I am her only child.
27 Jan - Mum was up past 1am watching Miss Marple.
28 Jan - I had to go to not-Athwals cos mum wanted Nutella.
5 Feb - Very off - no weight bearing - no gripping. Almost completely unresponsive. No eye-contact - no sounds, etc, etc. Mum hasn't eaten or drunk anything since midday yesterday. This doesn't worry me - not only is the woman part camel but she's entirely asleep and in no distress.
It's worth noting here that over a previous winter she had a 'rough patch' LASTING THREE MONTHS where she barely ate or drank anything... maybe 500ml a day and a handful of bites of food each week. When she finally perked up again we were in shock. Really changed my perception of what is survivable.
7 Feb - ...she ASKED FOR A DRINK which had me shooketh.
8 Feb - She may have decided to live a bit longer. Drank two pots of water while potted. Mum had a SANDWICH at lunchtime!
9 Feb - Mum continues unwell, uncooperative but sats steady. She hasn't eaten today. It's all pretty grim but I fear L may be right & my mother's an immortal!
This may sound callous but while she may have briefly enjoyed things - be it an episode of Vera or her 80th birthday celebration the previous October - mum's quality of life by this time was exceedingly poor. None of us feared her dying anymore.
10 Feb - No eats, no drinks, no change.
11 Feb - I was in with mum again last night. She kept telling me off for snoring.
Mum helloing something awful this afternoon. Then it got worse because it morphed into "Hallelujah" with an even greater frequency. FREAKY. AS. FUCK.
She was helloing at a rate of roughly every 30-40 seconds; the hallelujahs were every 20. It was JUST like in Doctor WHO - Miss Evangelista: "I can't think, I don't know, I-, I-, I-, ice cream, ice cream" (see https://www.youtube.com/watch?v=gO1rsPxHY48). It went from hello to hel to h- to hal- to hallelujah. That scene is so much harder to watch now.
Mum wasn't religious.
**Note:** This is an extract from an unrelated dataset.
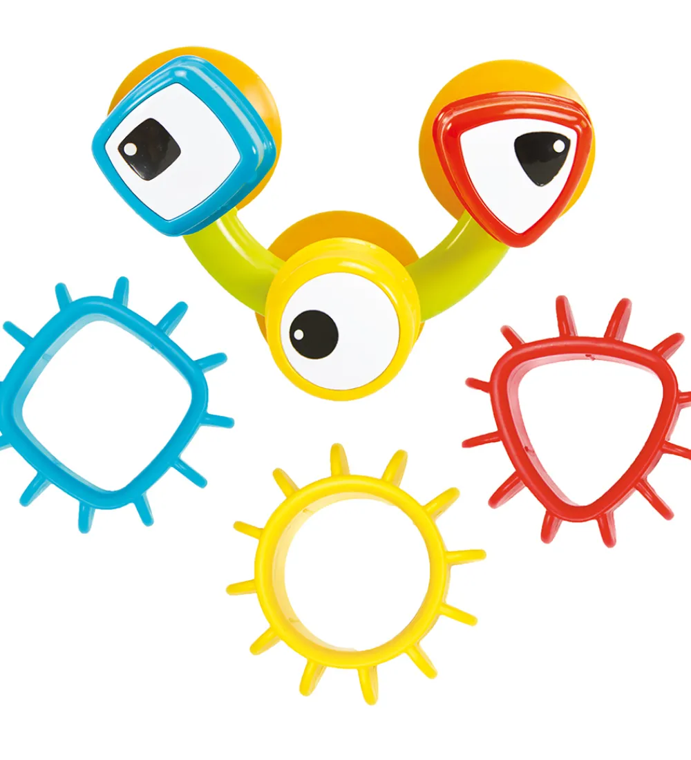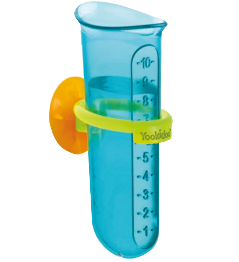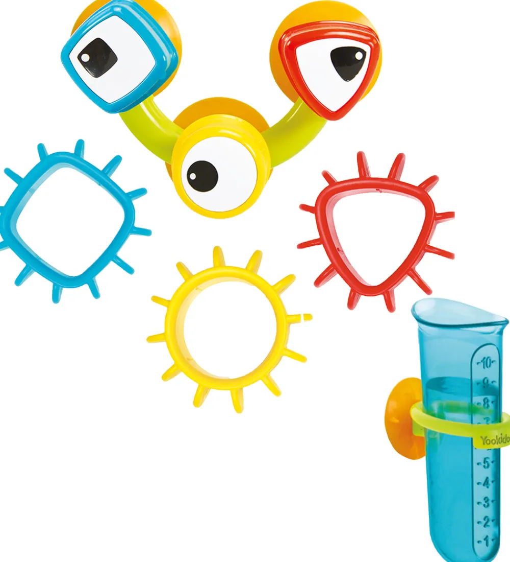 Yookidoo badelegetøjet vil med sikkerhed gøre tiden i badet sjov. Badelegetøjet sættes fast med sugekopper på badekarret eller væggen. Barnet kan bruge glasset til at hælde vand på gearene, som vil begynde at dreje.

She hadn't set foot in a church except for family baptisms, weddings, or funerals in decades.
12 Feb - Mum has continued helloing
Weirdly, my memory cuts off at the hallelujahs...
I didn't note it in my diary but she was particularly unresponsive during her evening wash. When I lifted her Erin noted her eyes were open and said 'Oh, hello!' but got no response. That was the last time her eyes were open.
13 Feb - Reckon mum's comatose. She didn't stir, even when we washed her tonight. Her BPM has hit a high of 102 and a low of 25. Neither of which presented differently. Dad & Neville have been warned. I opened N's Valentine card and read it to mum.
Similarly this didn't worry me; it was what we expected of a normal dying process. So long as we could keep her clean, warm, comfortable there was no cause for alarm.
14 Feb - Turned mum at about 0915 with limited success - and again at 1610 with even less. Breathing has become more erratic. Can't get a BPM/O2% reading. This was written at 1707.
We finished the wash at about 7pm. Erin sat with her for about 10 minutes, I went back in at 1940 (half an hour after she was last seen alive). The erratic breathing had stopped, I couldn't sense any breathing at all. Mum had an undetectable carotid pulse anyway - an idiosyncrasy that's quite awkward at this juncture. The pulse oximeter hadn't produced a reading in hours... I wasn't nearly as sure as I needed to be - we had to call out an ambulance to confirm she was gone.
She was taken away a little before 1am on the 15th. She was warm for hours and could easily have passed for sleeping throughout.